The median number of prescribed drugs at discharge was 8 (IQR, 6–11) without any significant difference across the 3 groups. Loop diuretics were prescribed in 81% of patients without significant difference across the 3 groups. Beta-blockers and renin-angiotensin-aldosterone system inhibitors were more frequently prescribed in patients with HFrEF and HFmrEF than in patients with HFpEF, while calcium channel blockers were more often prescribed with increasing LVEF. Tolvaptan and amiodarone were more often prescribed in patients with HFrEF than in patients with HFmrEF and HFpEF (Table 5). The prescription trend for β-blockers, calcium channel blockers, and amiodarone in the entire cohort was consistent with that when stratified by age (Table S1).
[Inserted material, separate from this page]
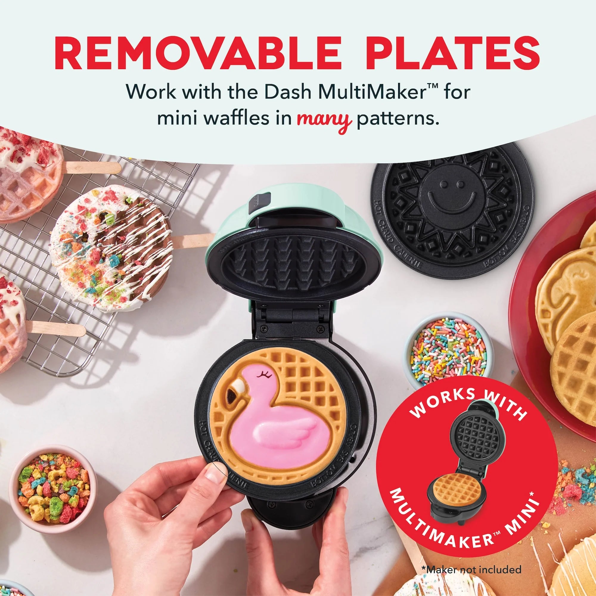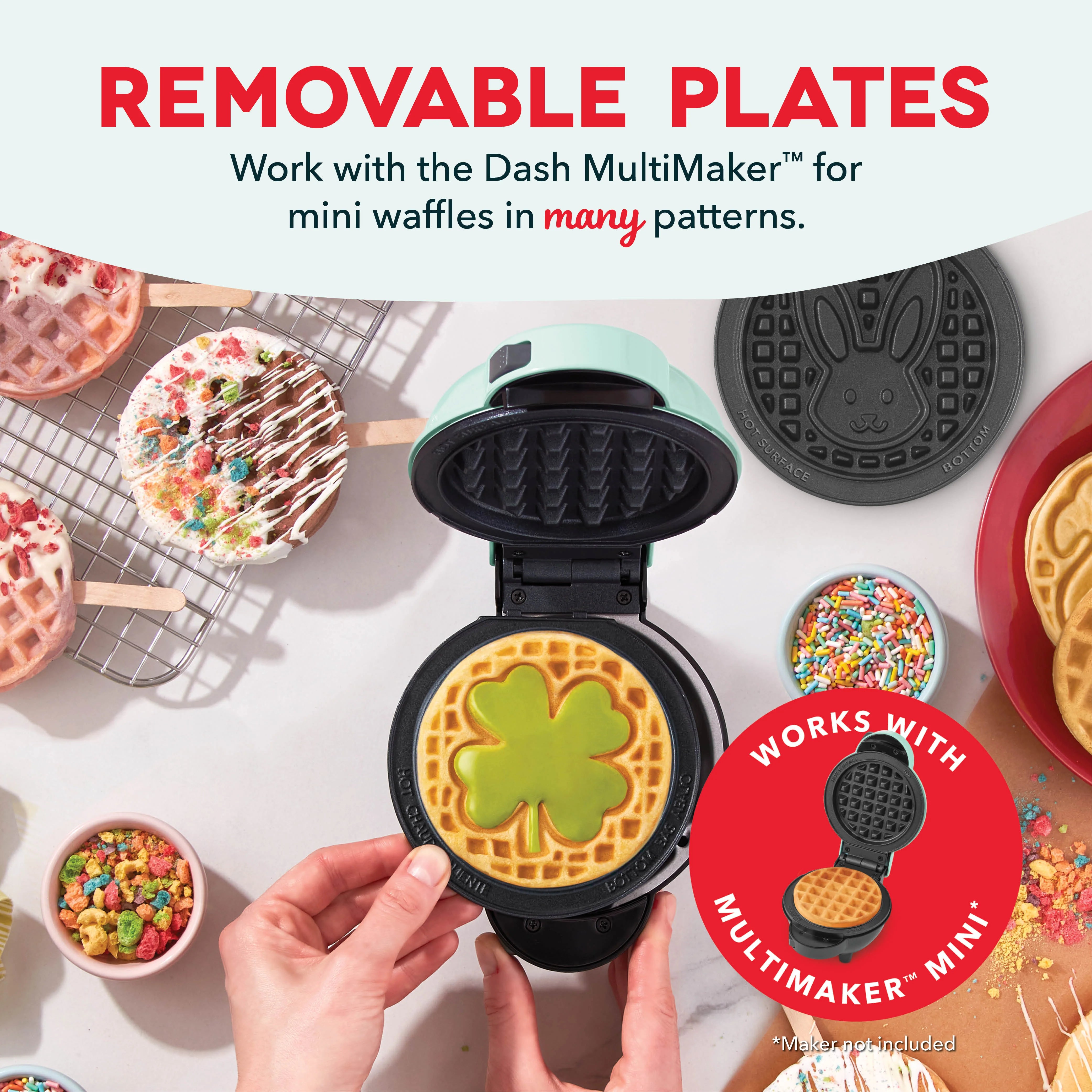 Collect them all! Each Two Plate Pack of Removable Plates is compatible with the Dash MultiMaker™ Mini Maker System. With just one Mini Maker, use your collection of Removable Plates to make many mini waffles in all your favorite seasonal shapes and patterns. Just swap out the Removable Plates, and the sky’s the limit! Dual nonstick cooking surfaces release food easily and cleanly for perfect results every time. Removable Plates pop in and out easily and go right into the dishwasher for a no-mess cleanup. Get ‘em while they’re hot!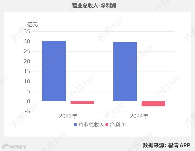 2024年年度,东方中科营业总收入为29.56亿元,去年同期为30.07亿元,同比基本持平,净利润为-2.58亿元,去年同期为-1.45亿元,较去年同期亏损增大。

The proportion of patients discharged to their home was 82%, and the proportion of ambulatory patients decreased at discharge (Table 5). The proportion of ambulatory patients was greater in HFrEF patients than in HFmrEF and HFpEF patients. The use of long-term care insurance included care required in 34% of patients, support required in 14% of patients, and plan to use it in 5.9% of patients (Table 5). The proportion of patients with care required was higher with increasing LVEF, but the trend in ambulatory patients and care planning was not observed when stratified by age (Table S1).
Discussion
Registry data on patients with ADHF in real clinical practice would have a great influence on the management for ADHF and clarify the unmet needs for the clinical trials evaluating new treatment. Most previous hospital-based registries in Japan, as well as in other countries, however, have non-consecutive enrollment of patients, due to the pre-defined inclusion/exclusion criteria.2
In the present KCHF registry, we collected very comprehensive data in all consecutive patients hospitalized with ADHF including those with acute coronary syndrome, renal failure, anemia, or infectious diseases in multiple centers in a prospective manner.15
Consequently, this is the first “all-comer” registry and the most up-to-date registry collecting various outcomes after the recent guidelines for HF have been available. The median age of 80 years in this registry was notably higher than that in all the previous large registries on ADHF (Table S5).6–12
In addition, the information on physical, living, and socioeconomic status derived from the present registry would be important not only for health-care providers, but also for patients, their family members, and policy-makers.15
In the stable chronic condition, the features of HFmrEF were more similar to those of HFpEF.22
Data on HFmrEF, however, are scarce in patients with ADHF in Japan. Many features of the HFmrEF group fell between those of the HFrEF and HFpEF groups. Of the previous representative HF studies examining the clinical characteristics of HFmrEF, 3 were acute HF registries (OPTIMIZE-HF,23
GWTG-HF,24,25
ALARM-HF26), 1 was a chronic HF registry in Japan (CHART-2)27
and 1 was a randomized controlled trial for acute HF (PROTECT trial;28 Table S6). Similar to these studies, the age of the HFmrEF patients was in between the ages of the HFrEF and the HFpEF patients in the present study. The trend that ischemic etiology was less frequent in HFpEF compared with HFrEF and HFmrEF, and the trend that hypertensive etiology was more frequent in HFmrEF and HFpEF compared with HFrEF, were also observed in all of these studies. In the chronic HF registry, the HFmrEF patients mainly transitioned out of the HFrEF category.27,29
In contrast, clinical presentations and in-hospital mortality of the HFmrEF patients were similar to those observed in the HFpEF patients in the present study, consistent with other acute HF studies.21–23
The in-hospital management and medication at discharge in the HFmrEF patients were in between that in the HFrEF group and that in the HFpEF group in the present study. Whether the present HFmrEF patients transitioned out of HFrEF or HFpEF remains unknown. Whether they transitioned to HFrEF or HFpEF in the course of treatment for acute HF is also currently unknown, because we and other researchers did not collect data on the changes in LVEF during hospitalization.6–12
Given that LVEF change was recognized at 3 months after medical intervention if LV reverse remodeling was achieved the early phase,30
the present longitudinal cohort study describes the 6-month changes. In conjunction with these data, the information on the characteristics and management of HFmrEF patients in acute HF settings could provide insight into the chronic management of patients with HF.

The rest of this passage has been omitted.